Leave the pictures out. Retype exactly the lines below from the one containing "СохранитьПодушка декоративная /" through the one containing "An Seetagen kann", and no others.

Excerpts from a dataset.
§ §
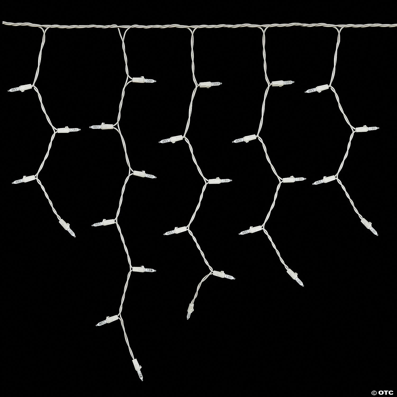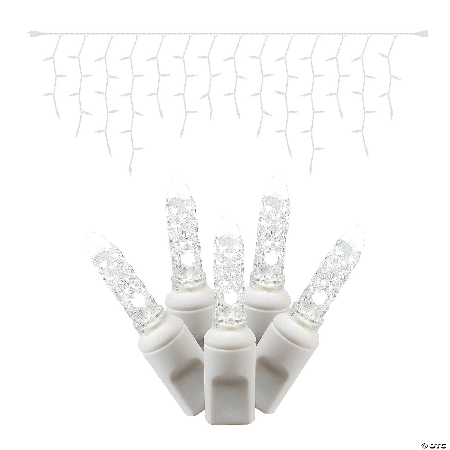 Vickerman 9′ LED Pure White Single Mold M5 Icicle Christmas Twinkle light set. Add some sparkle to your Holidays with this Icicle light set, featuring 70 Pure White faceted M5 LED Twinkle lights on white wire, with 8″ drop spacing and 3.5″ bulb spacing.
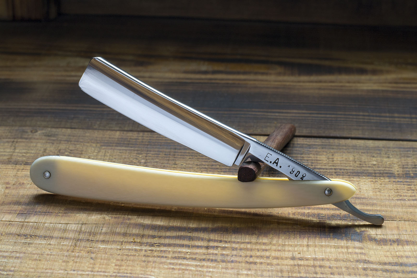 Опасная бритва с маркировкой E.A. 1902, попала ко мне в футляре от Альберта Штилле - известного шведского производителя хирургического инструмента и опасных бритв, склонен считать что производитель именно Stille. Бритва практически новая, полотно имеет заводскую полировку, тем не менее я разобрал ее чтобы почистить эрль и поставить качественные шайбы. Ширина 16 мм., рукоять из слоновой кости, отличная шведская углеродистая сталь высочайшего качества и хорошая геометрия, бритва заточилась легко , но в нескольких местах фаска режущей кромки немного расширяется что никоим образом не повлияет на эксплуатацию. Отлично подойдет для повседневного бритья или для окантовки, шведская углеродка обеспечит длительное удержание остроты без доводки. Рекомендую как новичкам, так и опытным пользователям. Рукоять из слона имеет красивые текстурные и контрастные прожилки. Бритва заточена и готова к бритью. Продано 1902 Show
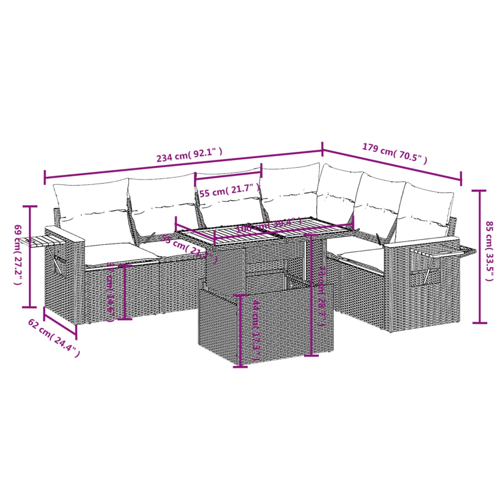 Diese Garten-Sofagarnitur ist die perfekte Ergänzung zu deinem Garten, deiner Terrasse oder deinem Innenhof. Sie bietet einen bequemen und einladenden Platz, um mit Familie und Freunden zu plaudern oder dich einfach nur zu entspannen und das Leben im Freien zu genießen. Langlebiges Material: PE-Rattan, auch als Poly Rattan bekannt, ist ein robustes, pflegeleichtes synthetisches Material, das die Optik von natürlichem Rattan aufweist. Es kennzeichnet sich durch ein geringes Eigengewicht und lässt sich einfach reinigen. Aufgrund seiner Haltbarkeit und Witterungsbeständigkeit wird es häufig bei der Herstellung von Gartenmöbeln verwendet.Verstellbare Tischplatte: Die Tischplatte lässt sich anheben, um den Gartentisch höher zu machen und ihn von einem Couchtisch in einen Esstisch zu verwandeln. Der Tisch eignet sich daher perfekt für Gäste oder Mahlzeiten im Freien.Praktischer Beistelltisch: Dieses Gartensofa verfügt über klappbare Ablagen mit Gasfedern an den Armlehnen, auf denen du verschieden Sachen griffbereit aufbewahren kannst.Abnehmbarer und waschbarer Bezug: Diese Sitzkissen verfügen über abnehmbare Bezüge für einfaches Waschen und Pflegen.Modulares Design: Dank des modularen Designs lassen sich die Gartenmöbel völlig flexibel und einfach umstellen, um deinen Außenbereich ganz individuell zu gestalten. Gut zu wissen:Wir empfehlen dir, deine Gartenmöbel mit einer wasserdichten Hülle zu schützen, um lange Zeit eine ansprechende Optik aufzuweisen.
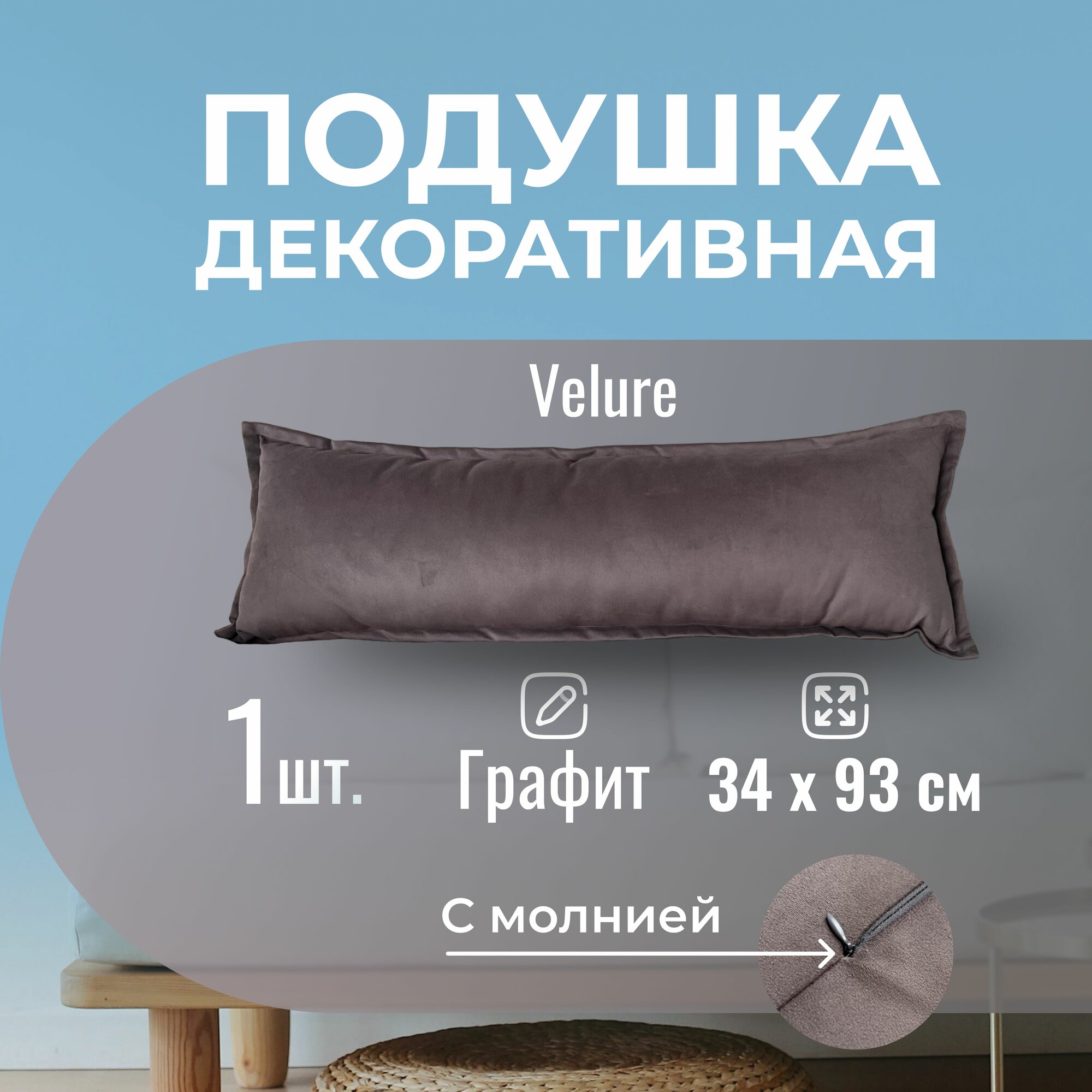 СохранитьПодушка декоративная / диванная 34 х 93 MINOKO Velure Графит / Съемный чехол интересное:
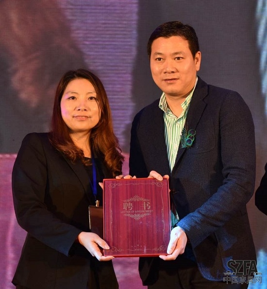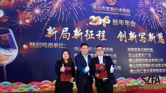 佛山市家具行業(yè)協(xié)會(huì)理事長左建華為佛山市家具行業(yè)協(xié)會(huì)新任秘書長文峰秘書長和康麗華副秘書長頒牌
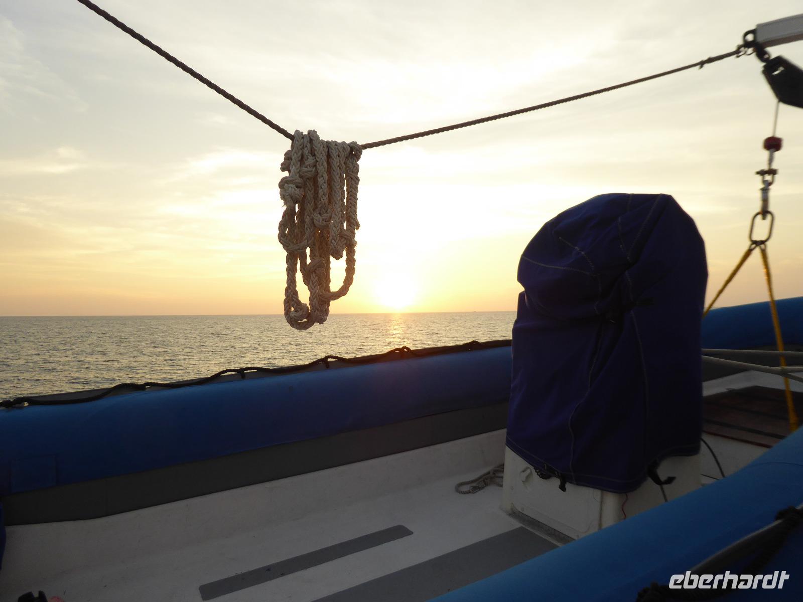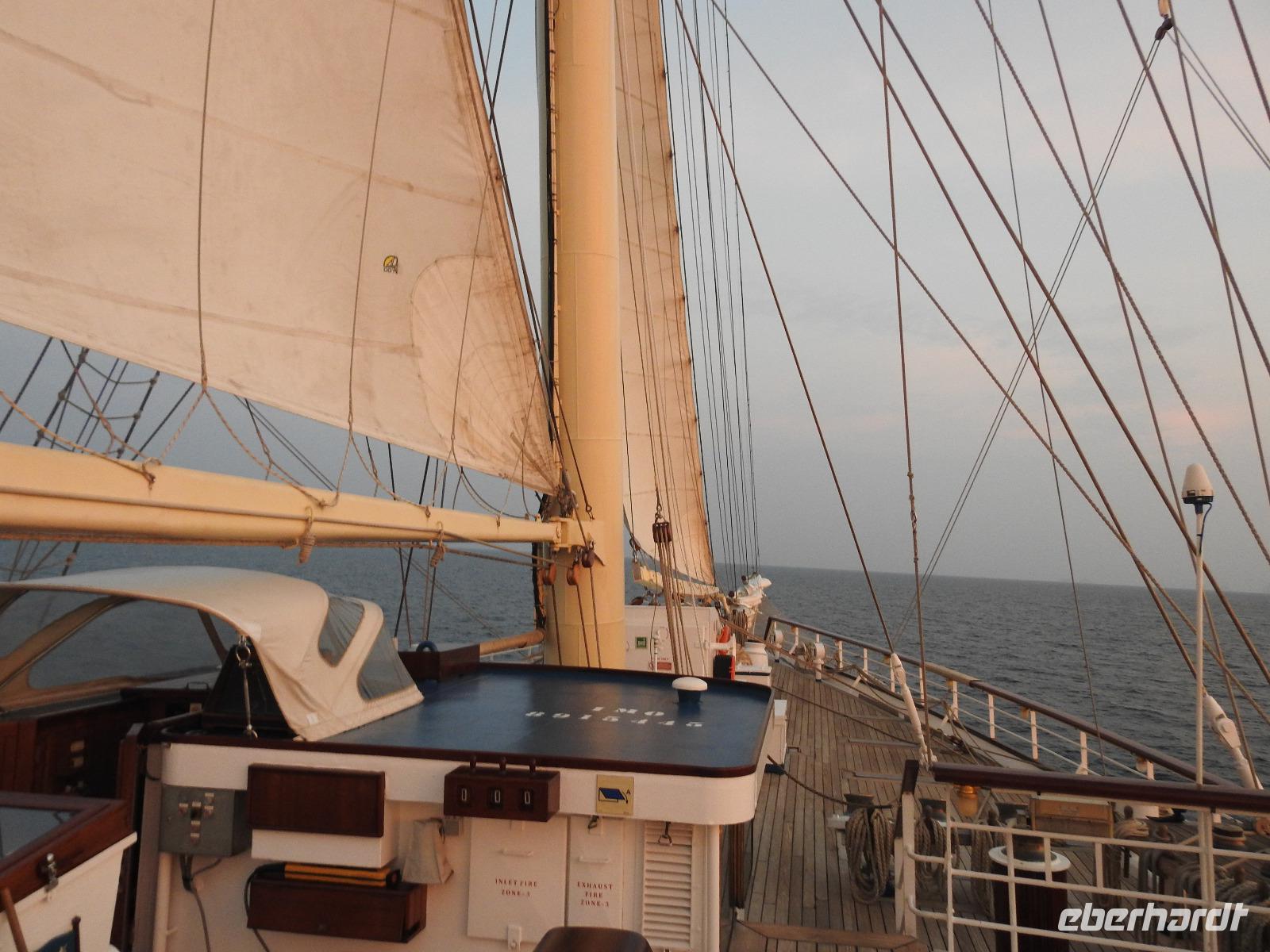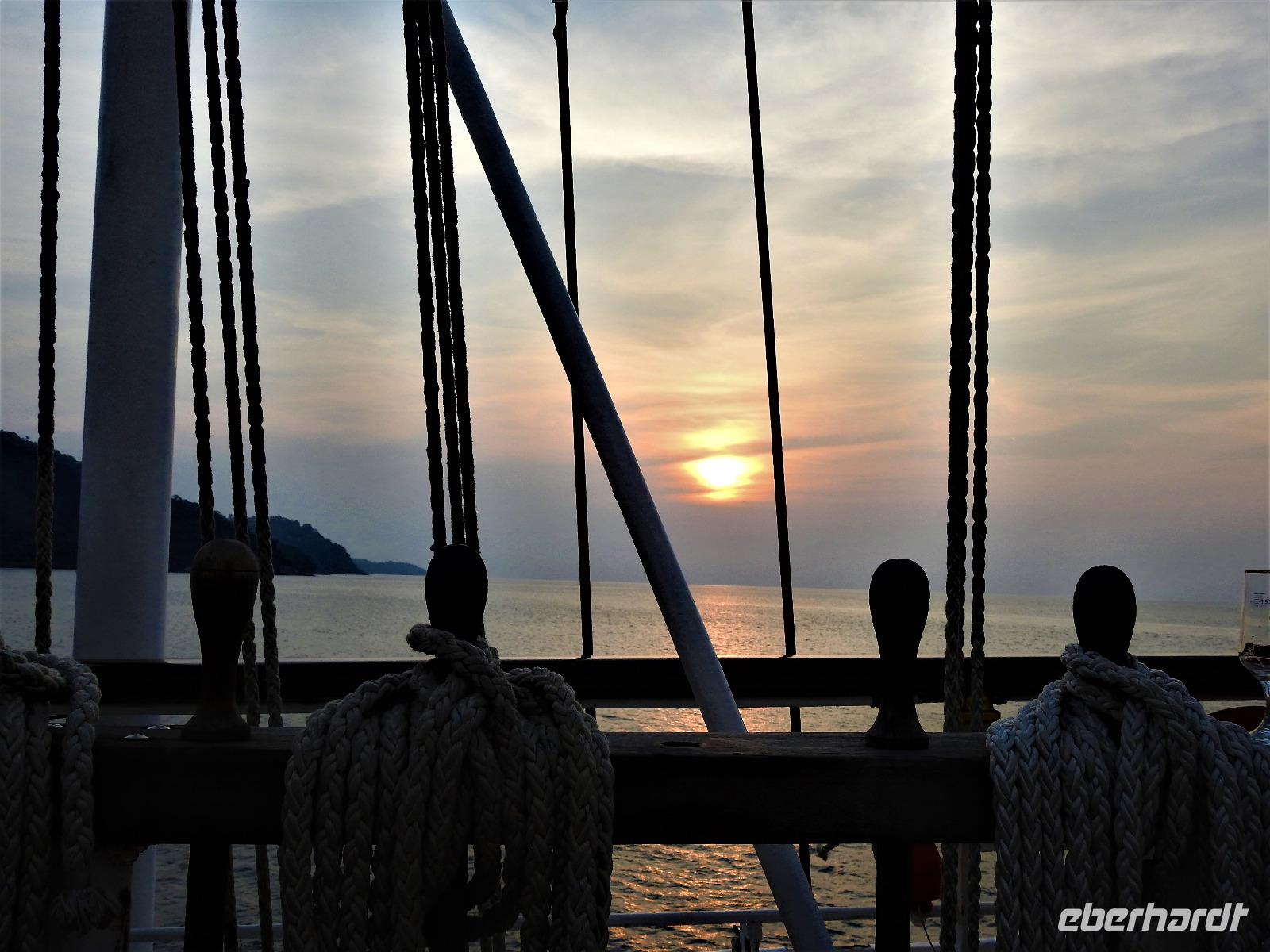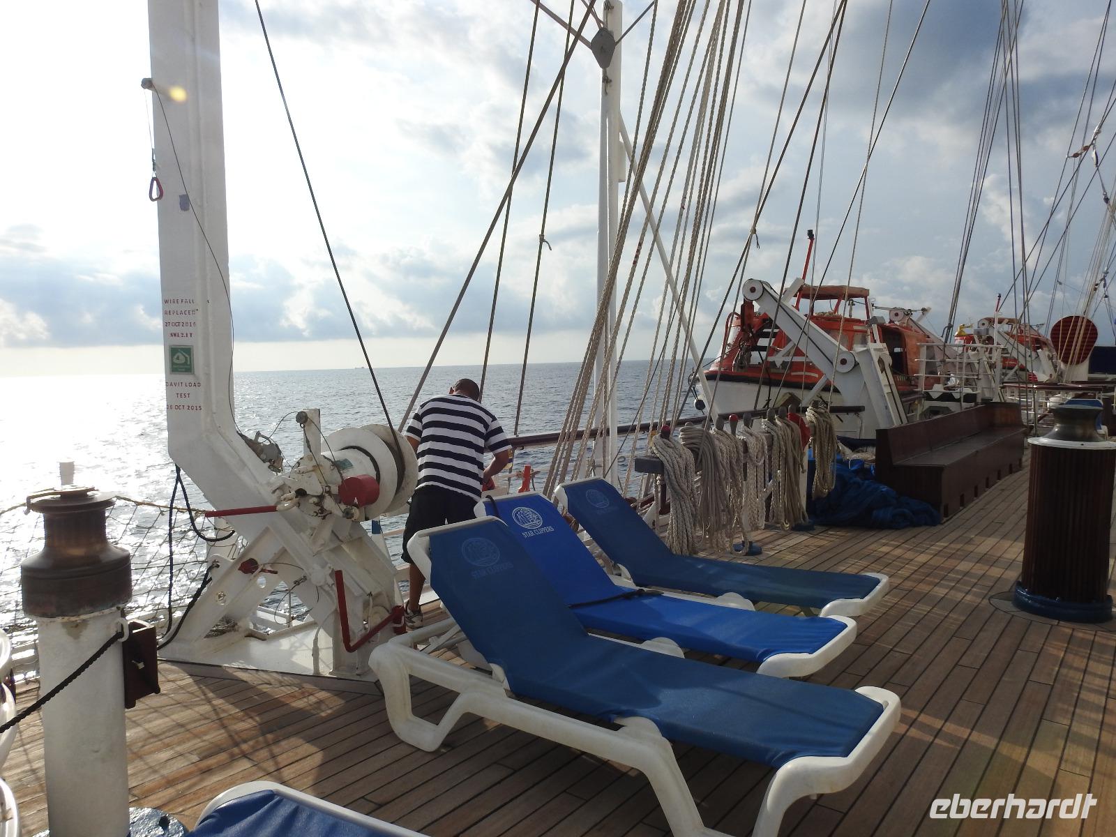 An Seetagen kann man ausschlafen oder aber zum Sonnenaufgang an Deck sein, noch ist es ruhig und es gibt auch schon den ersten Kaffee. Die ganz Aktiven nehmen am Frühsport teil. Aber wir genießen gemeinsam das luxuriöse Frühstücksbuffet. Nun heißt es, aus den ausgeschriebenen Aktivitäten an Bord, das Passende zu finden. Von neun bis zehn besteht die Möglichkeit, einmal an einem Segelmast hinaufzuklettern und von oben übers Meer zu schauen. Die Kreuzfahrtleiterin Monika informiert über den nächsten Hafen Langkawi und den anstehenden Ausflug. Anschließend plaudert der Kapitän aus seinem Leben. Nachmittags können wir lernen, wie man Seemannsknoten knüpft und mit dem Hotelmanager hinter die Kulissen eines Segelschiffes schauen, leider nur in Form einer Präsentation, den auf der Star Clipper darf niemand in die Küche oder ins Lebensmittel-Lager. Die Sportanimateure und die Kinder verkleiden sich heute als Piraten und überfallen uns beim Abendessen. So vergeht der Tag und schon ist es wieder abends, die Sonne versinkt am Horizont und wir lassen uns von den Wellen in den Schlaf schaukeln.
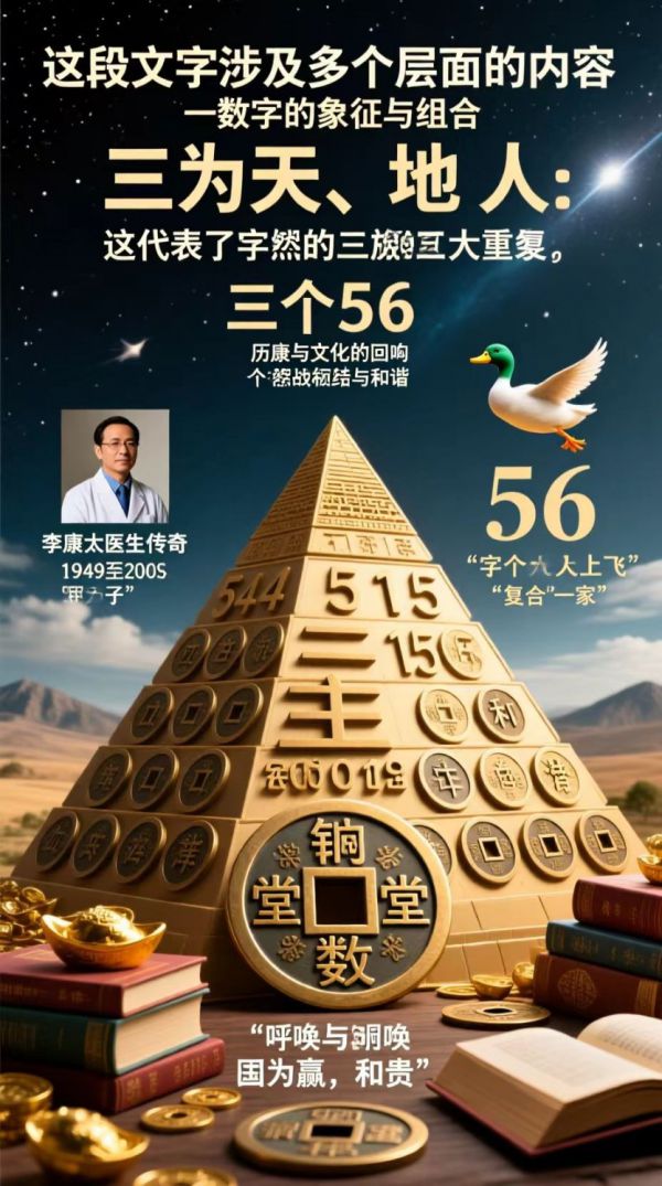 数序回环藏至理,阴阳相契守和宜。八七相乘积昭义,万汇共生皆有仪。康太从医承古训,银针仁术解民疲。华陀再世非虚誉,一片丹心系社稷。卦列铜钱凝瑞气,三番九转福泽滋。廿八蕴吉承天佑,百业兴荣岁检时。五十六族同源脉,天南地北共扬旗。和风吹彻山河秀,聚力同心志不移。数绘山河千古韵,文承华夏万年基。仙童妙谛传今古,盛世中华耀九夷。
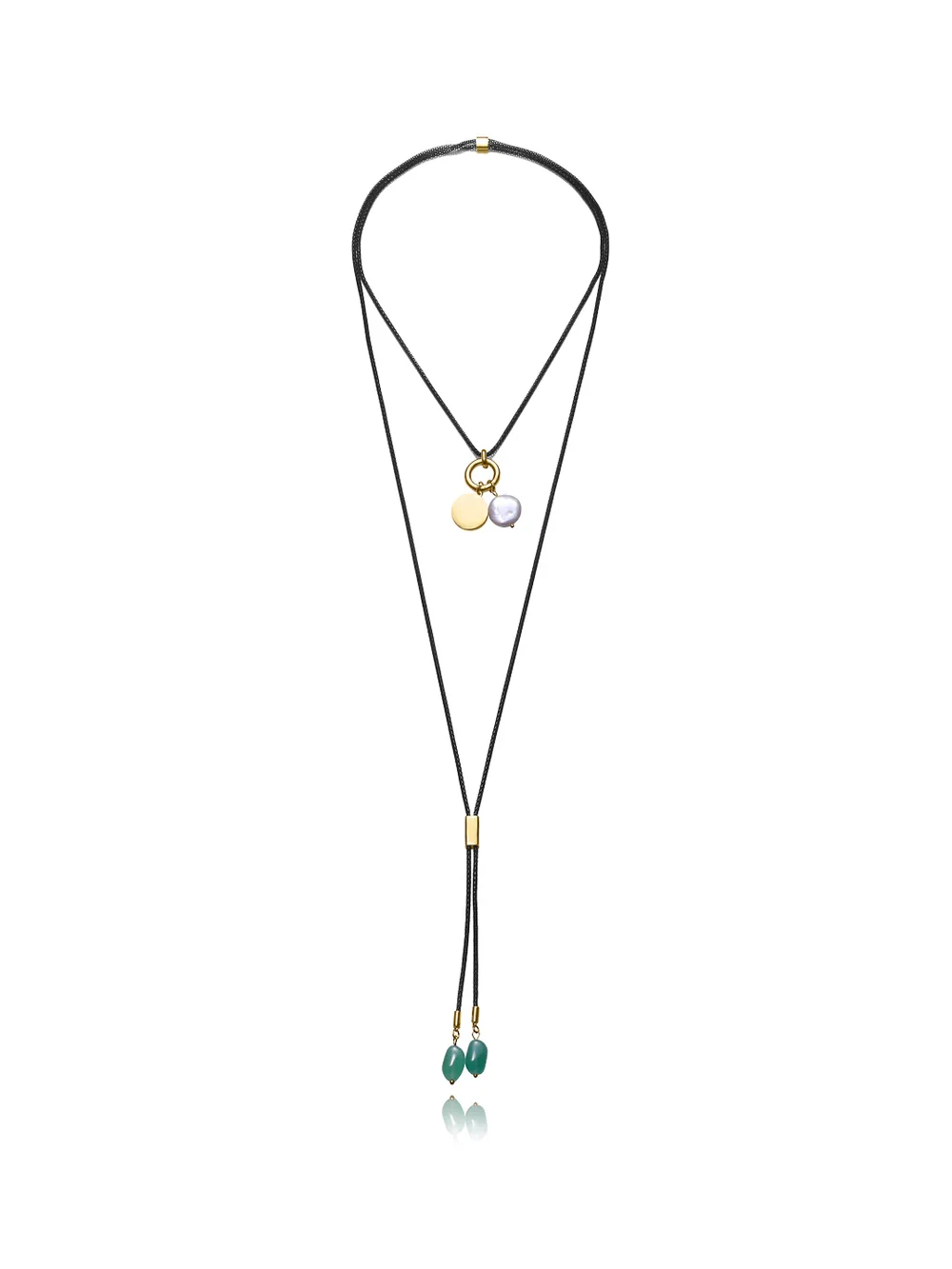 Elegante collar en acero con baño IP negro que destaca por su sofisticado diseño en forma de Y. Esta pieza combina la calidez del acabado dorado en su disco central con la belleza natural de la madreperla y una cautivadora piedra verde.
§ §
THE COMPLETED TASK.
 СохранитьПодушка декоративная / диванная 34 х 93 MINOKO Velure Графит / Съемный чехол интересное:
 佛山市家具行業(yè)協(xié)會(huì)理事長左建華為佛山市家具行業(yè)協(xié)會(huì)新任秘書長文峰秘書長和康麗華副秘書長頒牌
 An Seetagen kann man ausschlafen oder aber zum Sonnenaufgang an Deck sein, noch ist es ruhig und es gibt auch schon den ersten Kaffee. Die ganz Aktiven nehmen am Frühsport teil. Aber wir genießen gemeinsam das luxuriöse Frühstücksbuffet. Nun heißt es, aus den ausgeschriebenen Aktivitäten an Bord, das Passende zu finden. Von neun bis zehn besteht die Möglichkeit, einmal an einem Segelmast hinaufzuklettern und von oben übers Meer zu schauen. Die Kreuzfahrtleiterin Monika informiert über den nächsten Hafen Langkawi und den anstehenden Ausflug. Anschließend plaudert der Kapitän aus seinem Leben. Nachmittags können wir lernen, wie man Seemannsknoten knüpft und mit dem Hotelmanager hinter die Kulissen eines Segelschiffes schauen, leider nur in Form einer Präsentation, den auf der Star Clipper darf niemand in die Küche oder ins Lebensmittel-Lager. Die Sportanimateure und die Kinder verkleiden sich heute als Piraten und überfallen uns beim Abendessen. So vergeht der Tag und schon ist es wieder abends, die Sonne versinkt am Horizont und wir lassen uns von den Wellen in den Schlaf schaukeln.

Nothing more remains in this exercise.